Was mein Problem ist, ist das setzen der Strings(Spieler) in Wettkämpfe. Ich will, dass die Spieler in folgendem Format gegeneinander aufgelistet werden:
Hans vs. Dieter --- Schere-Stein-Papier
David vs. Ron   --- Flip-Cup
(Spieler 1 vs Spieler 3 --- GameClass)

Mein Problem ist der Math.Random-Befehl und wie ich ihn setzen muss, damit er im Namen[] eine Zahl zwischen 1 und anzahl nimmt, dann schon gesetzte Zahlen nicht nochmal verwendet und zu letzt wenn Anzahl ungerade ist (Spieler-Anzahl) den letzten Random-Spieler gegen None setzt, so dass er aussetzen muss.
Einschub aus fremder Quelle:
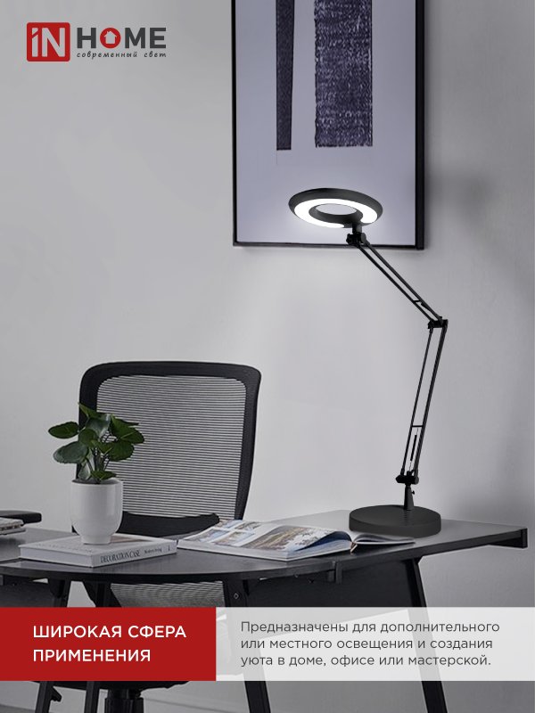 Характеристики Светильник настольный светодиодный CRAFT ССО-17Ч 10Вт 6500К 700Лм с оптическим фильтром, с адаптером ЧЕРНЫЙ IN HOME:

Für Hilfe bedanke ich mich schonmal im voraus ).

Mit freundlichen Grüßen

Furkos


----------



## Furkos (5. Dez 2015)

Okay hab zwei Sachen gefixt.
1. Ich habe for(int j=2;j<4;j++)
      {

        if (i%2==0) {
System.out.print(Namen[zufall]+ " vs. ");
        }

        else {
System.out.print(Namen[zufall]);
System.out.println("");
        }
      }
   in dem if habe ich das i zu nem j geändert, dummer Fehler-.-

2. Ich habe den zufall = (int) (Math.random() * anzahl) +1; Befehl in die int j Schleife gesteckt und jetzt funktioniert alles etwas Besser

Was mir jetzt noch fehlt ist, dass er nicht 2 Mal den selben Namen in den Wettkämpfen benutzen soll.


----------



## strußi (5. Dez 2015)

du kannst die Spieler aus einer Liste wählen und deren Objektreferenz in einer Lokalen Variablen speichern und anschließend aus der Liste löschen, und anschließend über eine neue Zufallszahl einen neuen Spieler "raussuchen"

zu Zufallszahlen kannst du dir mal Random in der api unter java.util anschauen


----------